You have $r(\theta) = r_0 + e^{\lambda\theta}.$ Then $r'(\theta) = \lambda e^{\lambda \theta},$ so $ds = \sqrt{(r_0 + e^{\lambda\theta})^2 + \lambda^2 e^{2\lambda\theta}}\,d\theta = \sqrt{(1 + \lambda^2)e^{2\lambda\theta} + 2r_0 e^{\lambda\theta} + r_0^2}\,d\theta$ This agreees with the form obtained by yohBS above.

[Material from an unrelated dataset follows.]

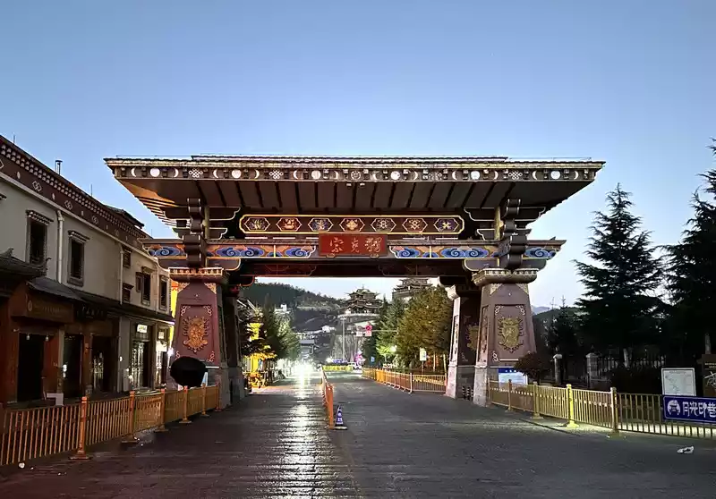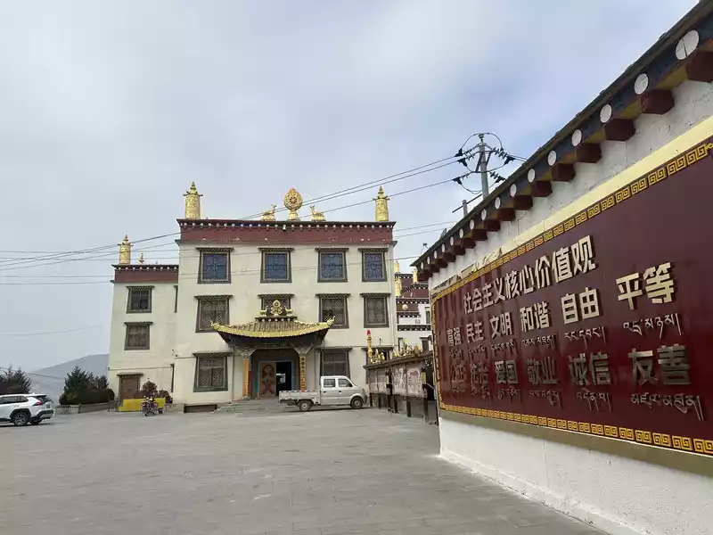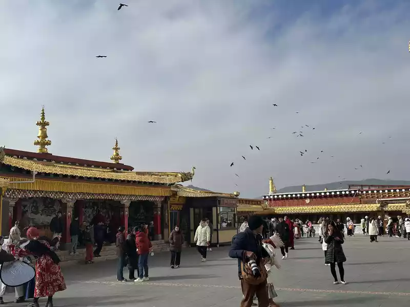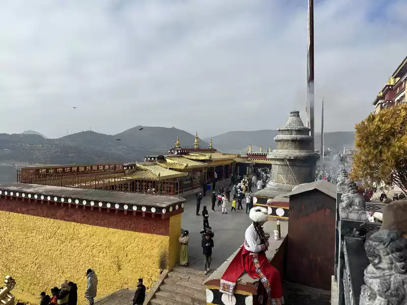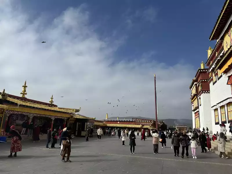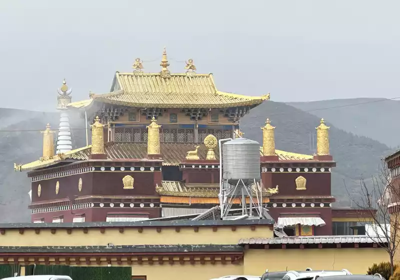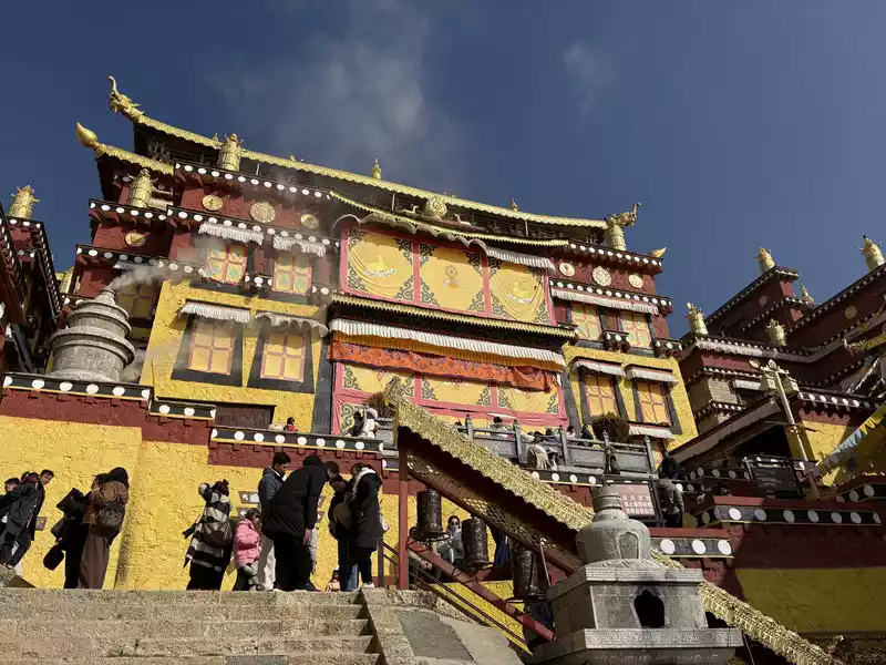 We slowly ascended the high steps, immersed in the cultural atmosphere of Tibetan Buddhism. As we neared the summit, the main hall, Zhacang (meaning "monastery" in Tibetan), appeared before our eyes. Located at the center and highest point of the temple, it faces south, and its five-story Tibetan-style carved building is majestic and magnificent, sacred and solemn. We then arrived at the square in front of the temple. The halls, gilded with copper and featuring animal-shaped eaves, filled us with awe as we stood within this magnificent temple.

You then need to embark down this path $\int ds = \int \sqrt{(1 + \lambda^2)e^{2\lambda\theta} + 2r_0 e^{\lambda\theta} + r_0^2}\,d\theta = \int {\sqrt{(1 + \lambda^2)e^{2\lambda\theta} + 2r_0 e^{\lambda\theta} + r_0^2}\over e^{-\lambda x}} e^{\lambda\theta}d\theta$ Now put $z = e^{\lambda \theta}$ and you get left with $\int ds = {\sqrt{(1 + \lambda^2)z^2 + 2r_0 z + r^2_0}\over z}\, dz $ Now try completing the square and doing a trigonometric substitution.